Our kids are interested in the BIG picture. That is where the deep natural learning seems to get done. It is totally opposite to everything I have ever learnt in school.
In all my free thinking and liberal mindedness, I realised I wasn’t free at all, they were free and it was irritating me that they weren’t doing what I wanted. My controlling manner was getting deeply triggered as I realised I was wanting to control everything in a seemingly un controlling way (which is worse!)
So I stepped out, in as much as I went and had a chat with myself, as to why I was getting so stressed out and irritated. I then decided to actually really ask them what inspired them and in this way they started asking questions and exploring answers. The leaps were huge, as I stepped out of the room, they had set themselves a quest to find out ‘If Aliens Exist?’ they then moved on to the solar system, then when I came back in 40 minutes later they were all sitting around the computer fixated on star fish, watching star fish tentacles move.
My first reaction was, in my head ‘Guys!!! What about the Aliens??’ but then I realised that they had made a huge leap and it had lead them to watching and learning about the intrinsic details of how a starfish moves. They must have gone from Aliens, Universe, Stars, starfish…who knows…And the following day one boy who was in our small group brought in his Venus fly trap! If you think about it that is brilliant, there is a connection, Venus is a planet in our universe, where aliens may or may not be… Stars lead on to starfish, starfish have tentacles and so do Venus flytraps, in a way…. They made these connections quicker than I did! I was behind the curve in all of this. If I had been in the room then I would have unconsciously stopped their learning by possibly trying to keep them on track but they flew forward without me and I am glad that they did.

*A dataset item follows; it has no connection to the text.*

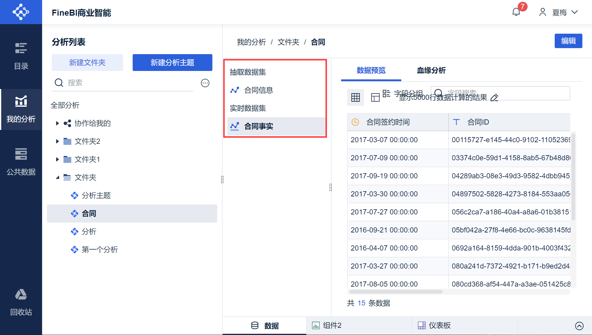 我的分析下的分析主题和文件夹支持协作给其他用户,共享分析主题内的数据、组件和仪表板,从而实现仪表板的协同编辑。

So I am talking about the fine balance of facilitation, I think learning arrives in the way that a butterfly does on your finger. If you move too fast it will fly off and you may never see it again. If you give children the space to learn and know when to step out (a lot) and step in (only sometimes) then this to me is the key to great facilitation. Sugata Mitra talks about this alot with his Self Organised Learning Environment project (or SOLE’s) School In The Cloud. https://www.theschoolinthecloud.org/
It is the difference between closing down a child by the sheer fact of asking the wrong question at the wrong time or opening up a kids mind to the magic of everything because in their worlds everything is new interesting and up for grabs.
It is a fine balancing act for me that requires patience and ultimately faith in my children. It is a lesson that I am still learning as I often fall in to the trap of wanting to take over.
I have learnt that stepping back and actually having faith in their ability to learn things is often the hardest but the best thing to do.